Donald Trump is not known for his soaring rhetoric, but his speech at Mount Rushmore was one of the rhetorical highlights of his presidency. In addressing the nation as he enters the home stretch of another presidential campaign, the president would do well to recall the words of Abraham Lincoln, one of the four American presidents chiseled into the South Dakota mountaintop -- and the first to be elected on the Republican Party ticket.
In 1838, the 28-eight-year-old Lincoln delivered what would later be considered his first great political speech to the Young Men’s Lyceum of Springfield, Ill. In it, he warned against the dangers of mob violence. In the cases he discussed, vigilante groups had not waited for justice to be done to lawbreakers, but had savagely murdered the men (most of them black) accused of committing the crimes.
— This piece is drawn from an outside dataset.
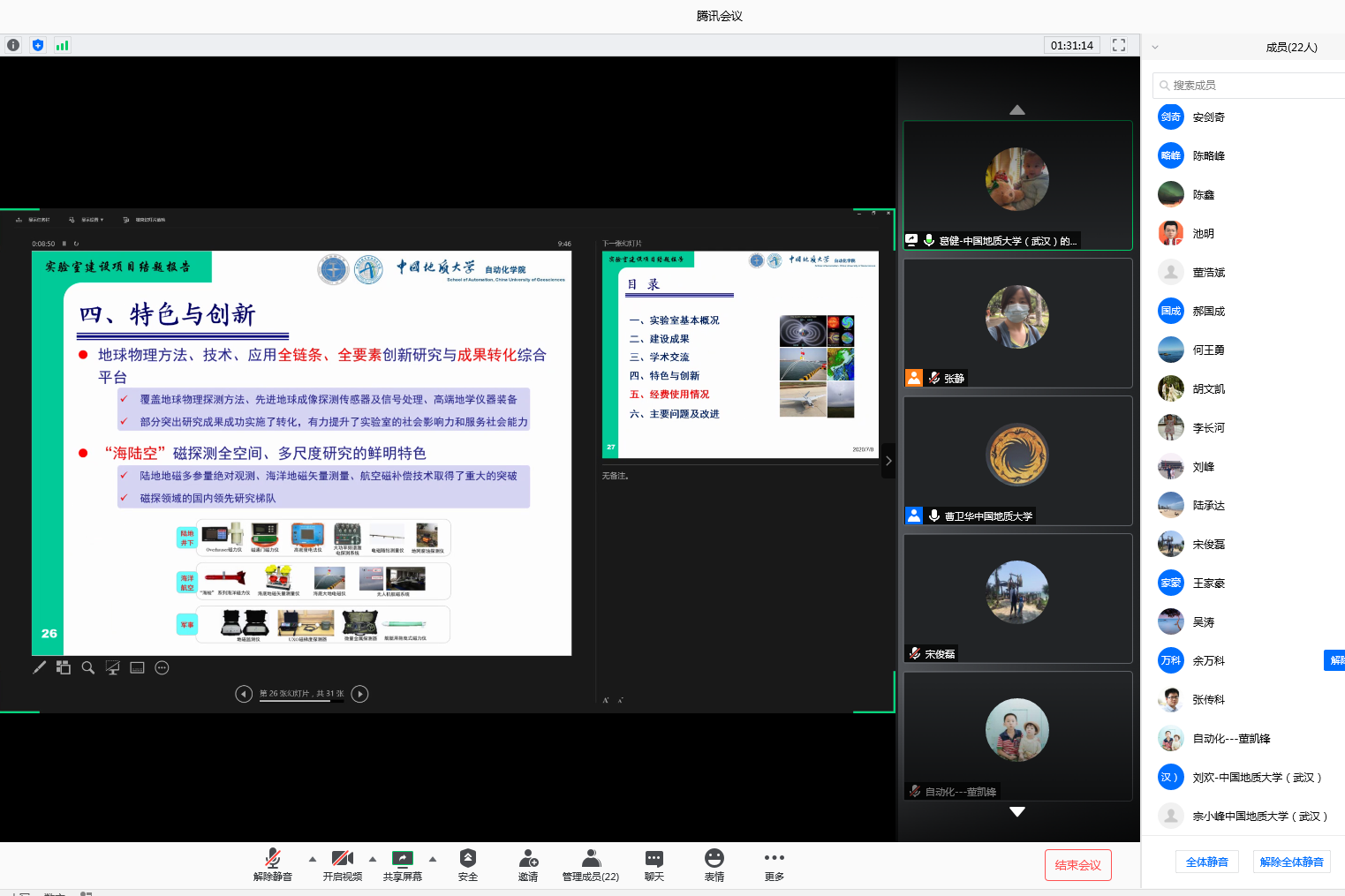 召开复杂系统先进控制与智能自动化湖北省重点实验室(以下简称重点实验室)实验室建设、开放基金项目结题验收会议。会议采用腾讯会议方式举行,学院党政负责人、院学术分委员会成员、省重点实验室和开放基金负责人及其成员参加了验收会议。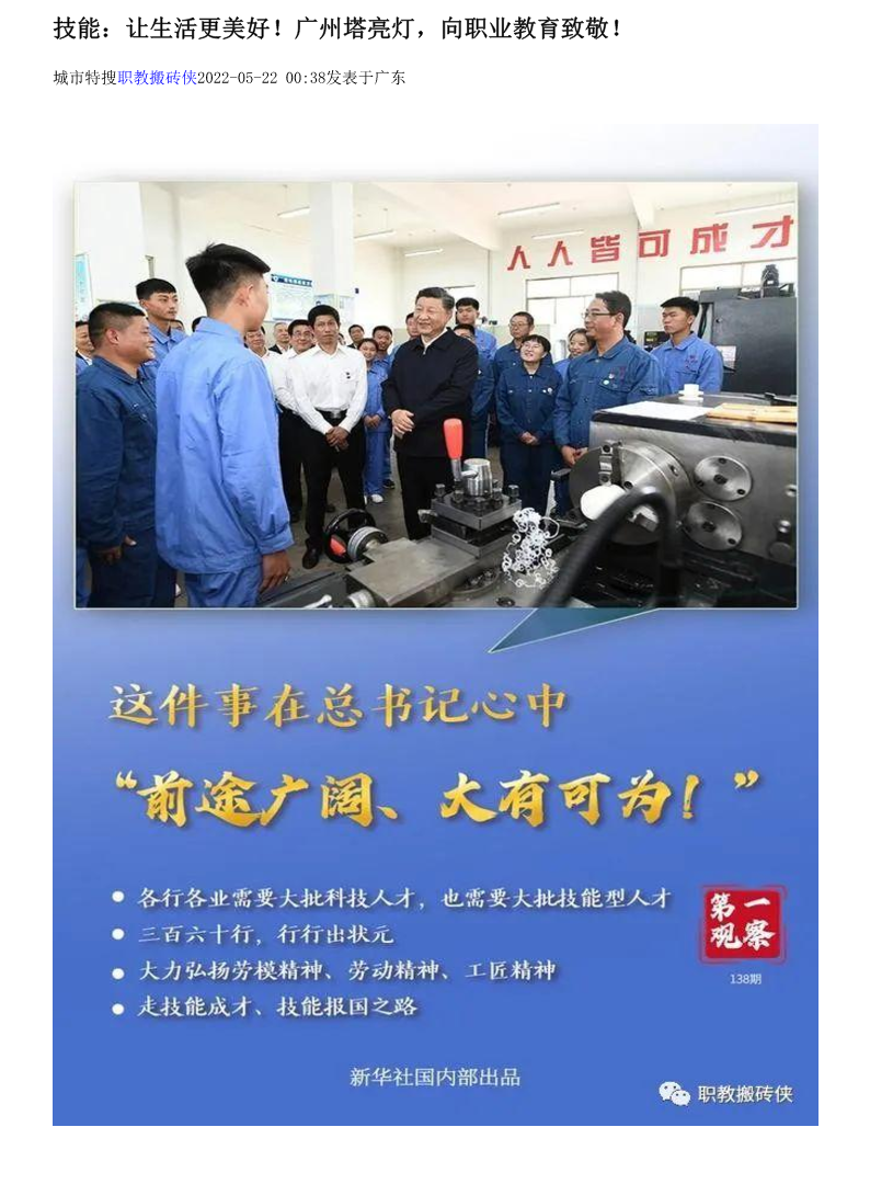 技能:让生活更美好!广州塔亮灯,向职业教育致敬!

Here were two explosive issues, mob violence and race, that together threatened the preservation of our political institutions.
The foundational problem with mob rule, as Lincoln saw it, was that it alienates decent, law-abiding citizens from their government. When “good men, men who love tranquility, who desire to abide by the laws, and enjoy their benefits, who would gladly spill their blood in the defense of their country; seeing their property destroyed, their families insulted; their persons injured; and seeing nothing in prospect that forebodes a change for the better; become tired of, and disgusted with, a government that offers them no protection,” Lincoln warned.
The United States, he asserted, was far more likely to “die by suicide” than by foreign conquest.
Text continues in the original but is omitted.